TASK REQUIREMENTS — Through the line with "Nous vous proposons" and starting from the first line, return the records below word for word, with pictures left out.

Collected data
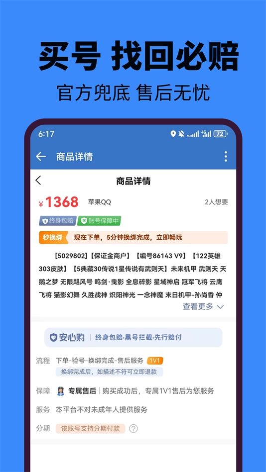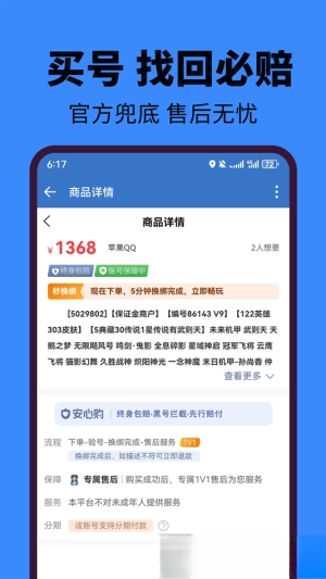 3.在首页挑选心仪账号,签订电子协议后就能完成购买,还享有包赔保障权益。
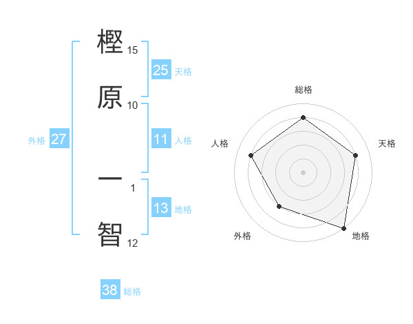 樫原 一智さんの総格は38画の4点!
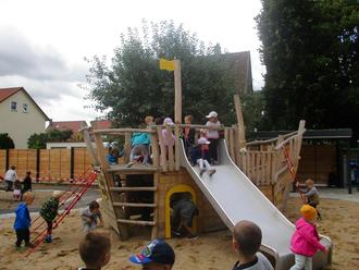 Jawohl, so war es. Am Freitag konnten die Kindergartenkinder in der Langen Gasse endlich den neugestalteten Garten in Beschlag nehmen.
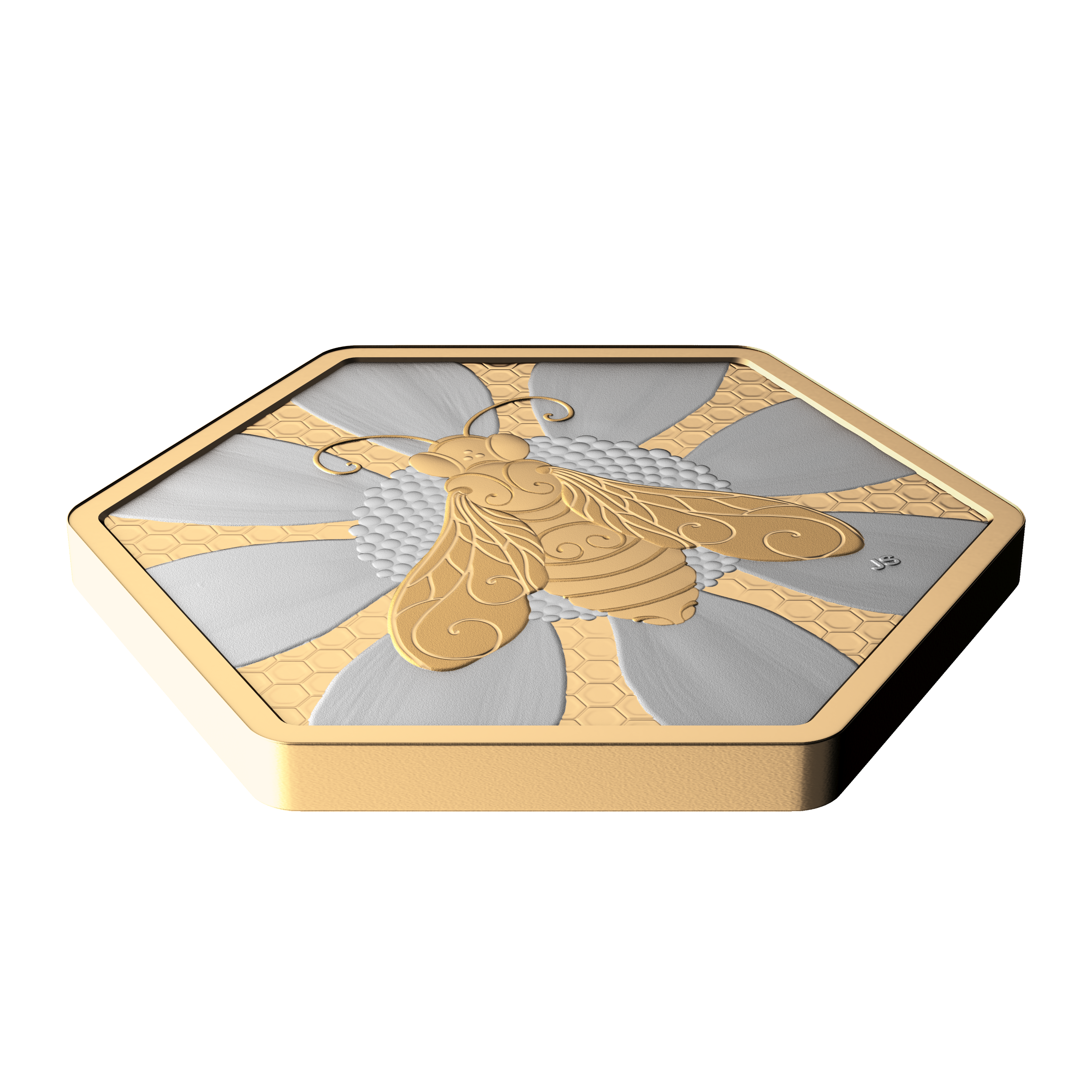 Known to be efficient both in instinct and design, the honeybee and its comb are beautifully adorned with yellow gold plating on this 99.99% pure silver coin, which, fittingly, features the popular hexagon coin shape that mimics the natural design of a honeycomb cell, widely considered to be nature’s perfect structure.
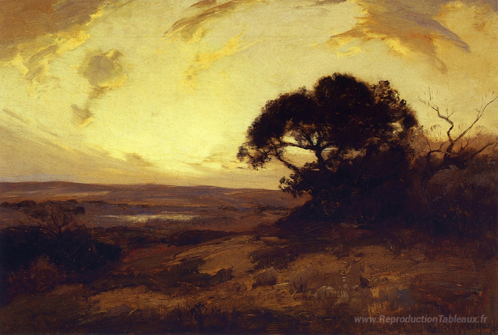 Nous vous proposons une reproduction artisanale sur toile du célèbre tableau 'Soirée d'or, sud-ouest du Texas' de Robert Julian Onderdonk, provenant du Musée de la Reproduction.
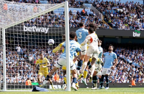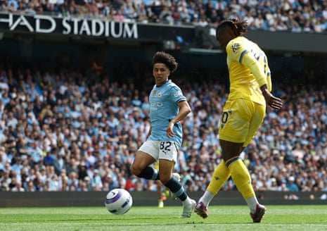 28 min: Eberechi Eze curls a low shot past Ederson from about 15 yards after receiving the ball from Sarr but semi-automated offside technology rides to the home side’s rescue. It’s a shame, as Eze had no reason to be offside. City are being eviscerated down both flanks, particularly the right.
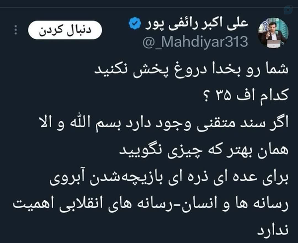 ▪️به عنوان یک خبرنگار همواره تلاش کرده‌ام تا جایی که امکان دارد، خبر درست و صحیح را منتشر کنم، اما مهم‌تر از همه و بالاتر از همه این مسائل یکی از مهمترین و اصلی‌ترین تلاش‌هایم این بوده که همواره امنیت ملی را به عنوان خط قرمز خودم نگه داشته و از آن عبور نکنم. اینکه چیزی نشان داده نمی‌شود دلیلی بر
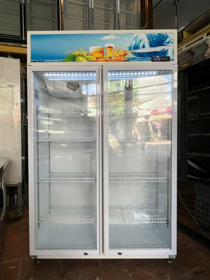 Tủ trưng bày thực phẩm dung tích 1000 lít, hàng trưng bày mới 100%, hoạt động êm – tiết kiệm điện – làm lạnh nhanh.
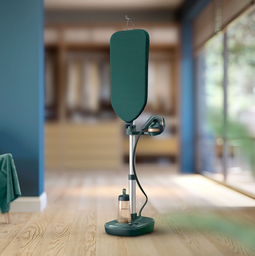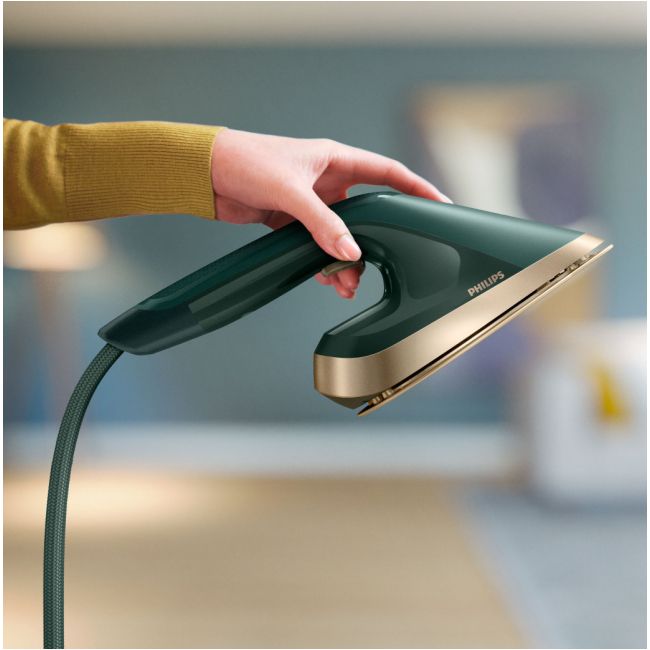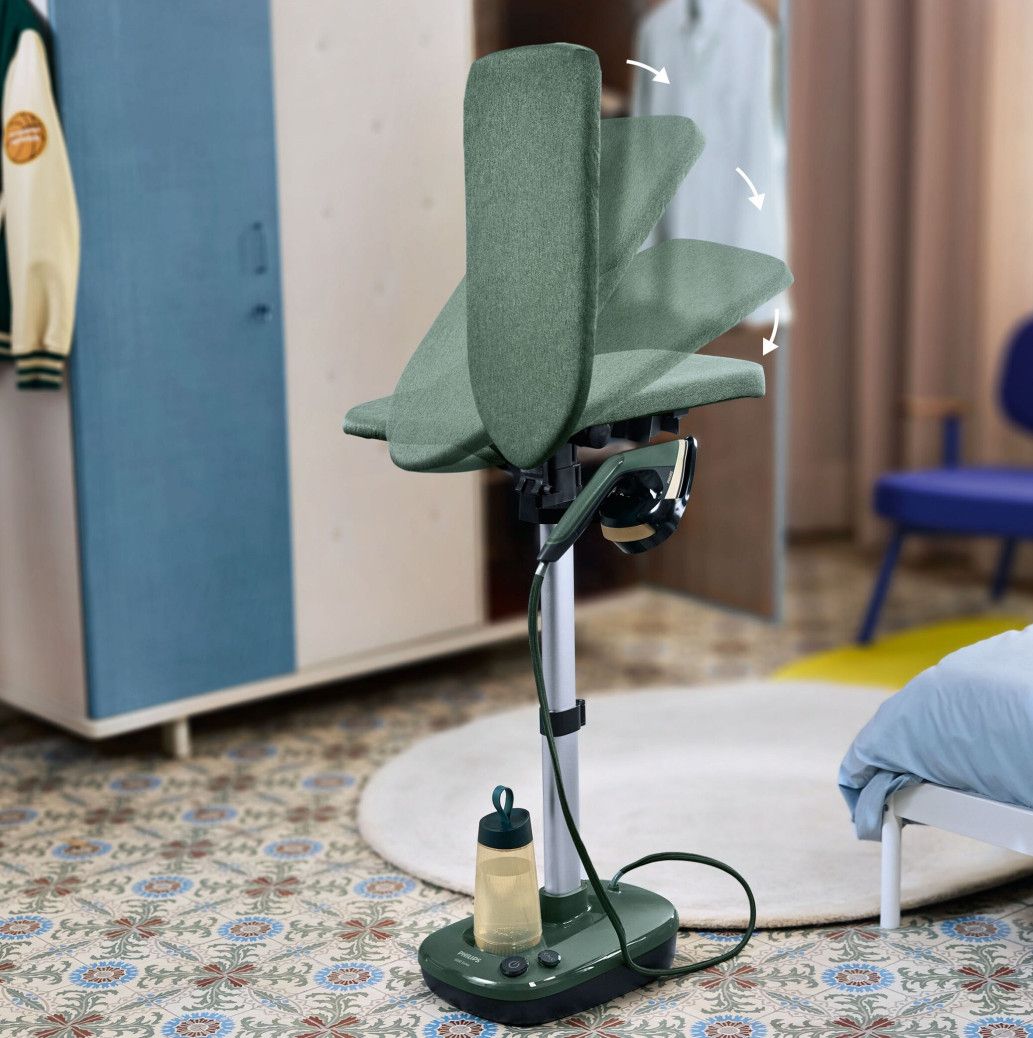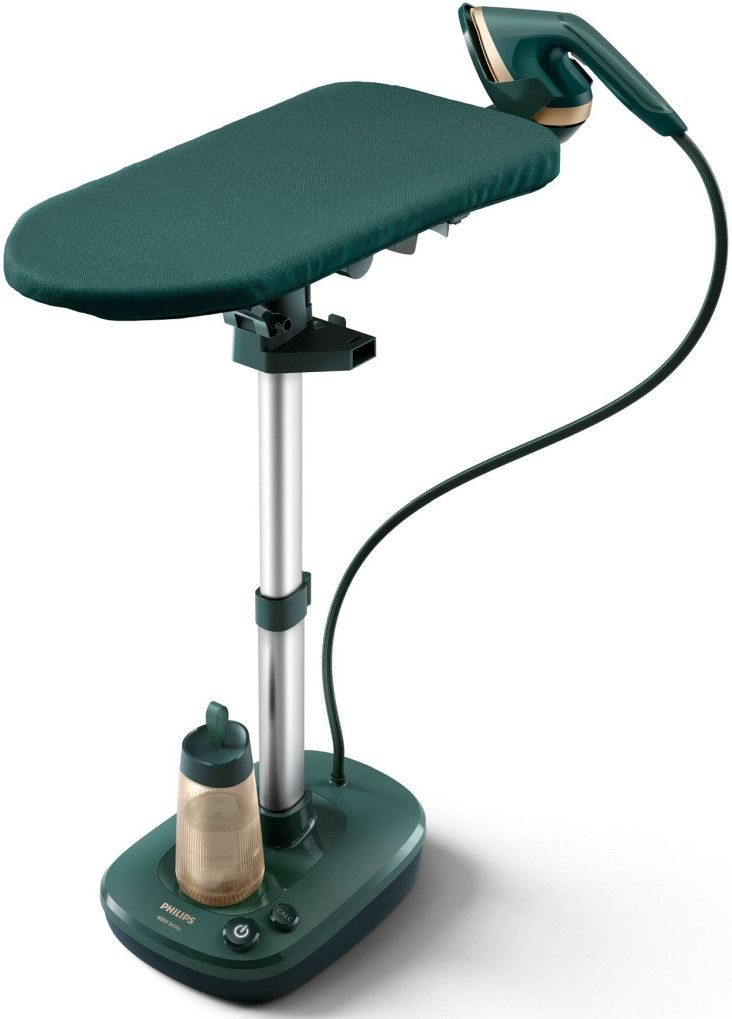 System Philips All-in-One serii 6000 to inteligentne rozwiązanie, dzięki któremu zawsze będziesz wyglądać najlepiej. Elegancki zestaw żelazka, parownicy i deski 3 w 1 pomaga szybko usunąć zagniecenia z ubrań w dowolnej pozycji pionowej, poziomej lub pochylonej.

ANSWER BELOW —
 3.在首页挑选心仪账号,签订电子协议后就能完成购买,还享有包赔保障权益。
 樫原 一智さんの総格は38画の4点!
 Jawohl, so war es. Am Freitag konnten die Kindergartenkinder in der Langen Gasse endlich den neugestalteten Garten in Beschlag nehmen.
 Known to be efficient both in instinct and design, the honeybee and its comb are beautifully adorned with yellow gold plating on this 99.99% pure silver coin, which, fittingly, features the popular hexagon coin shape that mimics the natural design of a honeycomb cell, widely considered to be nature’s perfect structure.
 Nous vous proposons une reproduction artisanale sur toile du célèbre tableau 'Soirée d'or, sud-ouest du Texas' de Robert Julian Onderdonk, provenant du Musée de la Reproduction.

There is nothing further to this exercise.